Arnold Schwarzenegger’s election could transform California’s political landscape in ways not seen since Howard Jarvis led a tax rebellion in the late 1970s. But unlike yesterday’s anti-tax movement, whose core was older Anglo homeowners, the forces assembling behind the new governor are chiefly drawn from the state’s small-business owners and the swelling ranks of the self-employed. And they are ethnically and racially diverse, because minorities own as many as one-third of all businesses in Los Angeles, San Francisco, Santa Clara and Orange counties.

Joel Fox, a Jarvis acolyte, dubs the emerging group “Arnold’s army.”

Fox’s new group, the Small Business Action Committee, appears to be one of several pro-Schwarzenegger grass-roots efforts among the state’s smaller businesses. It aims to fight any proposal to increase business property taxes and push for reform of workers’ compensation.
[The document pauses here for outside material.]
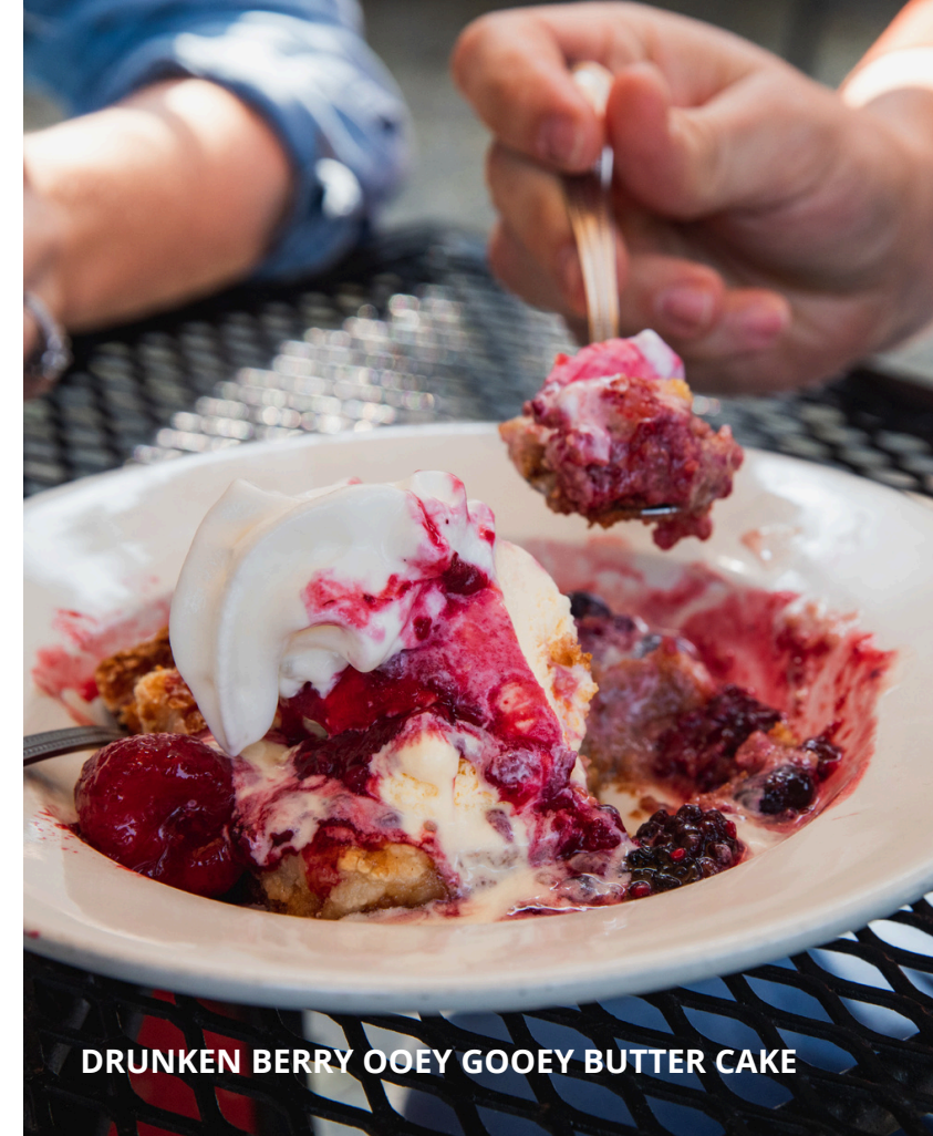
DRUNKEN BERRY OOY GOOEY BUTTER CAKE

This cake is named after it's stripes. Layer after layer of delicious chocolate cake, white chocolate mousse and dark chocolate goodness.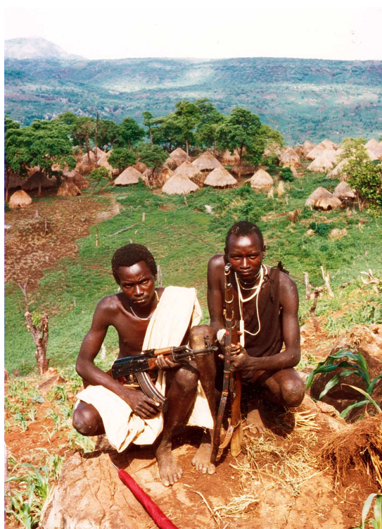
Two armed Suri youngsters

At the same time, existing economic-development organizations and chambers of commerce are experiencing new vitality because, they feel, someone powerful in Sacramento is finally listening to them.

“There is more optimism now than I have seen in a very long time,” says Blaine Fetter, chairman of the San Gabriel Valley Economic Partnership and a local real estate developer. “I am seeing people renewing [lease] options when they come up because they think the governor can help make us more competitive.”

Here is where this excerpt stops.